Under these circumstances, the Court concludes that it cannot rely upon defendants' exhaustion of interfund remedies argument to grant summary judgment against plaintiffs. The Court, therefore, is compelled to REMAND the claims for pension benefits to the fiduciary for its consideration of plaintiffs' additional medical evidence and arguments.

NOTES

[1] Several courts have dealt with the issue of whether ERISA claims are subject to the same exhaustion of grievance-arbitration procedures that claims under the Labor Management Relations Act are. Clearly, employer-union disputes as to the proper funding of a co-sponsored plan implicates traditional issues of labor-management relations and, thus, exhaustion is required. See Bressette Brothers v. International Talc Co., Inc., 527 F.2d 211, 216 (2d Cir.1975). Additionally, other courts have wavered on the question of whether to impose an exhaustion of grievance-arbitration requirement in various settings where the ERISA statute was involved. Cf. Fox v. Merrill Lynch & Co., 453 F. Supp. 561, 565-67 (S.D.N.Y.1978) (multi-faceted action alleging several contractual claims as well as a claim under ERISA against nonfiduciary employer stayed pending outcome of arbitration), and Michota v. Anheuser-Busch, Inc., 526 F. Supp. 299, 320-22 (D.N.J.1980) (same), with Lewis v. Merrill Lynch & Co., 431 F. Supp. 271 (E.D.Pa.1977) (arbitration provision of employment contract not applicable to suit against pension plan fiduciaries for breach of fiduciary duty). See also Waits v. Weller, 653 F.2d 1288, 1292 (9th Cir. 1981) (noting the uncertainty of whether the arbitration requirement applies to ERISA claims grounded on trustee misconduct). None of the cases encountered in the Court's survey of the law, however, has sanctioned the requirement that defendants ask the Court to impose here — that of double exhaustion.

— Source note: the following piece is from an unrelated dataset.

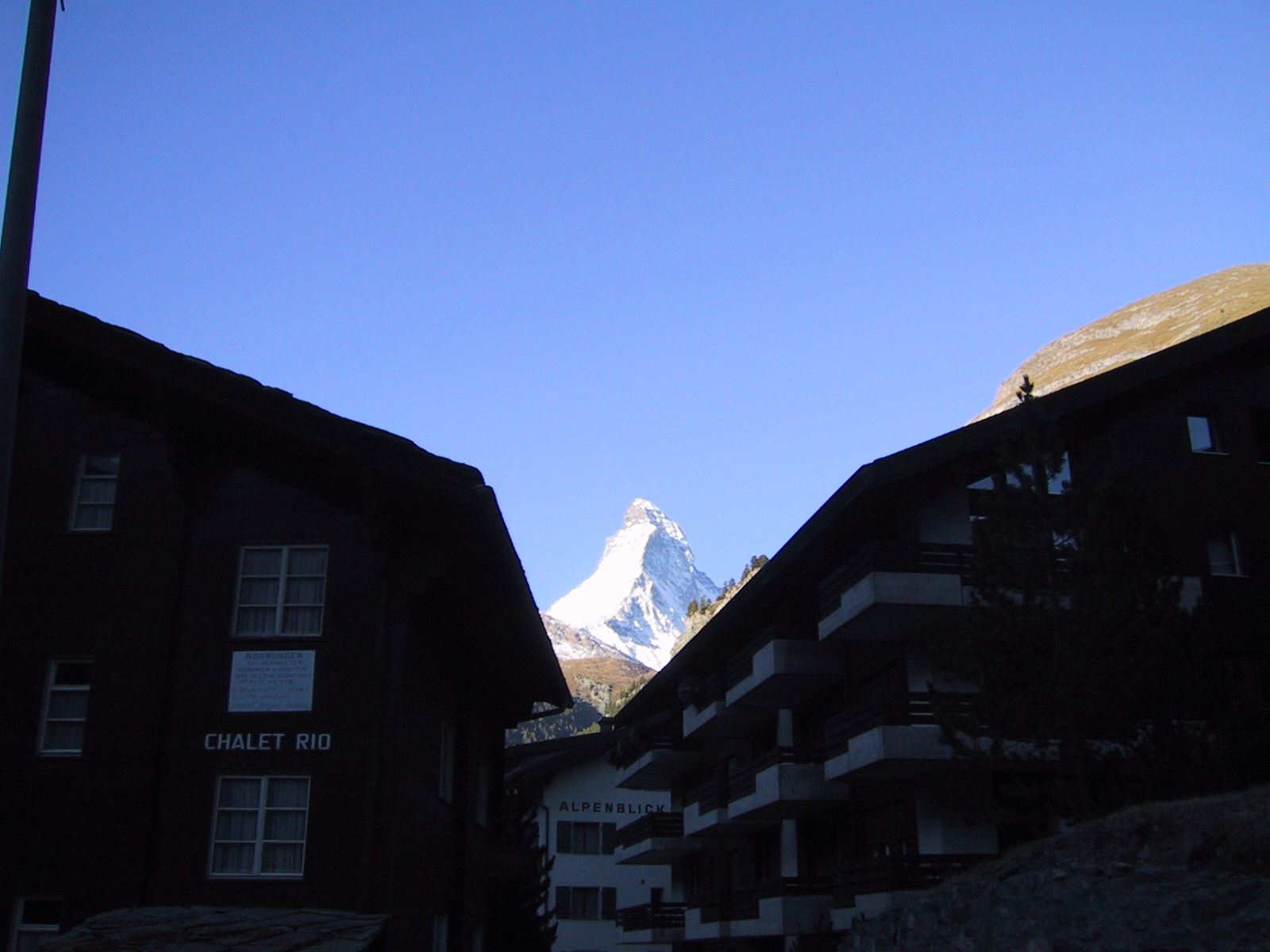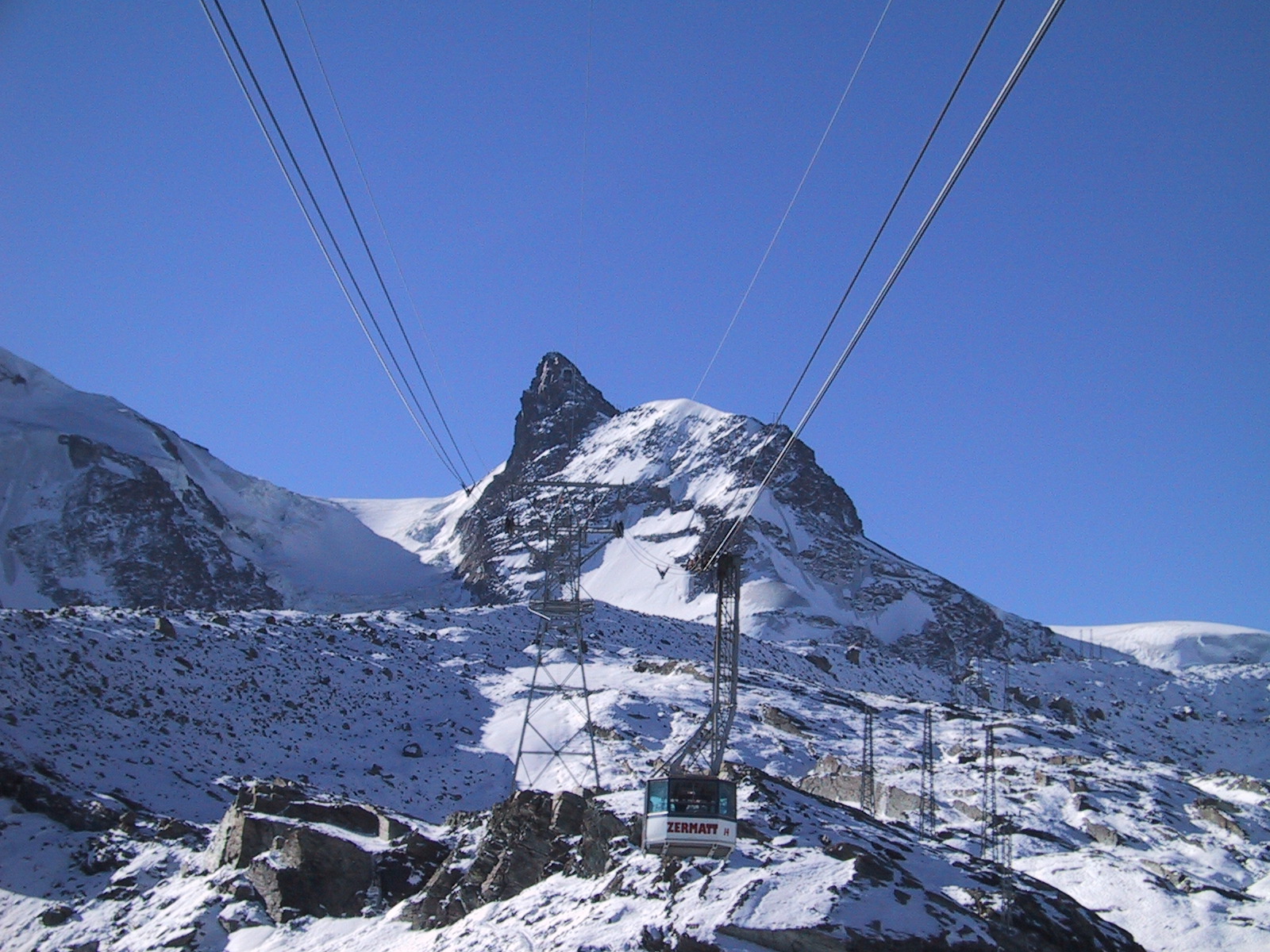今日は、ゴルナーグラートGornergratと並ぶ一級の展望台、 クラインマッターホルンKlein Matterhornに行くことにする。 町からもマッターホルンがよく見える。

[2] One of these exceptions, existing where there is an inadequate remedy at the hands of the trustees, is inapplicable because of the trustees' unrestrained and exclusive power to award benefits under the Plan.

[3] 29 U.S.C. § 1104(a)(1) provides that:

a fiduciary shall discharge his duties with respect to a plan solely in the interest of the participants and beneficiaries and —

(A) for the exclusive purpose of:

(i) providing benefits to participants and their beneficiaries; and

(ii) defraying reasonable expenses of administering the plan.

[4] The Plan's provisions, as written, are also in full compliance with the time and content of notice requirements delineated by the Department of Labor in guidelines printed at 29 C.F.R. § 2560.503-1(f) (1980). These regulations direct pension trustees to "provide every claimant who is denied a claim for benefits written notice setting forth in a manner calculated to be understood by the claimant:"

(1) the specific reason for the denial;

(2) specific reference to pertinent plan provisions on which the denial is based;

(3) a description of any additional material or information necessary for the claimant to perfect the claim and an explanation of why such material is necessary; and

(4) appropriate information as to the steps to be taken if the participant or beneficiary wishes to submit his or her claim for review.

[5] On December 2, 1982, plaintiff Brown's counsel sent a threatening letter to the Board or its representative. The letter asserted that if Brown's pension was not immediately forthcoming there would be no choice but to file a lawsuit. Apparently, the Board did not treat the letter as an appeal from its denial.

[6] For example, with respect to the denial of Brown's application for disability benefits, the Board relied upon a form letter executed by Brown which purported effectively to end his participation under the Plan. Before this Court, however, defendants assert Brown's lack of member status at the time he applied for benefits as grounds for the Board's decision.